Hello,
I recently learned PyTorch and was trying to recreate a DCGAN that I coded up in TensorFlow. However, I was having issues with the performance. In the TensorFlow model, it was able to generate reasonable looking MNIST images and CELEBA faces. However, for the same model in PyTorch, the loss for discriminator converges to 0 and the loss for generator steadily increases.
Now, the model recreated in PyTorch migh’t not be exactly the same as some of the functions in PyTorch is slightly different than TensorFlow. For instance, for convolution:
TensorFlow:
tf.layers.conv2d(relu1, 256, 5, strides=2, padding='same')
tf.layers.conv2d_transpose(x1,128,5,strides=2, padding='same')
PyTorch:
nn.Conv2d(128,256, 5 , 2, 2)
nn.ConvTranspose2d(256,128,5,2,2)
Similarly for Batch Normalization
TensorFlow:
tf.layers.batch_normalization(x1,training=is_train)
PyTorch:
nn.BatchNorm2d(256,momentum=0.99,eps=0.001)
As you can see, I copied over the default TensorFlow parameters to PyTorch. I am also aware that channel axis is different between PyTorch and TensorFlow. I even permuted the inputs and outputs to match the behaviour of TensorFlow. However, nothing seems to be helping.
I also thought that maybe it is the different model initialization. Below are the generated images from an untrained network (it is a grid of images):
PyTorch (manual Xavier Uniform Initialization)
It seems like the default initialization for PyTorch is very different from TensorFlow. What kind of initialization does PyTorch use?
Even when using Xaiver Initialization though, I still get the same behavior. Increasing the learning rate of generator does prevent the loss of discriminator decaying to 0 and the loss of generator increasing, but the model fails to learn anything useful.
PyTorch
TensorFlow (ran with fewer iterations)
Does anyone know what could be causing this?

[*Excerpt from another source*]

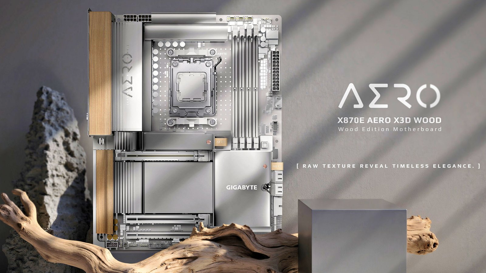 Gigabyte has unveiled the X870E AERO X3D WOOD motherboard, a groundbreaking AM5 socket platform designed for AMD Ryzen 9000, 8000, and 7000 series processors, announced on December 5, 2025, as a fusion of natural elegance and cutting-edge performance tailored for discerning enthusiasts who view their PC as an extension of their living space. This flagship board stands out with its unique AERO WOOD aesthetic, featuring real wood-grain panels that embrace the “Zain” philosophy of imperfection and organic transformation, evoking timeless warmth through raw textures and premium leather pull tabs for a tactile, luxurious feel that harmonizes high-performance computing with home decor. At its core, the X870E AERO X3D WOOD boasts a robust 16+2+2 phases Twin Digital VRM design with DrMOS 60A phases (8+8 parallel for VCORE, plus dedicated SOC and MISC phases), powered by an 8-layer server-grade PCB with 2x copper enhancement and back-drilling technology to minimize signal reflections, boost timing accuracy, and enable overclocking stability, all reinforced by UD Power Connectors with solid pins for superior conductivity and thermal dissipation.

Here are the loss of discriminator and generator:
PyTorch (broken)
https://pastebin.com/Mqjjrzmd
TensorFlow (correct)
https://pastebin.com/xGuALVT2
Here are the code for the model and training:
PyTorch (broken)
https://pastebin.com/C5CMePYB
TensorFlow (correct)
https://pastebin.com/aWxABTCa
Thank you very much for your time and help!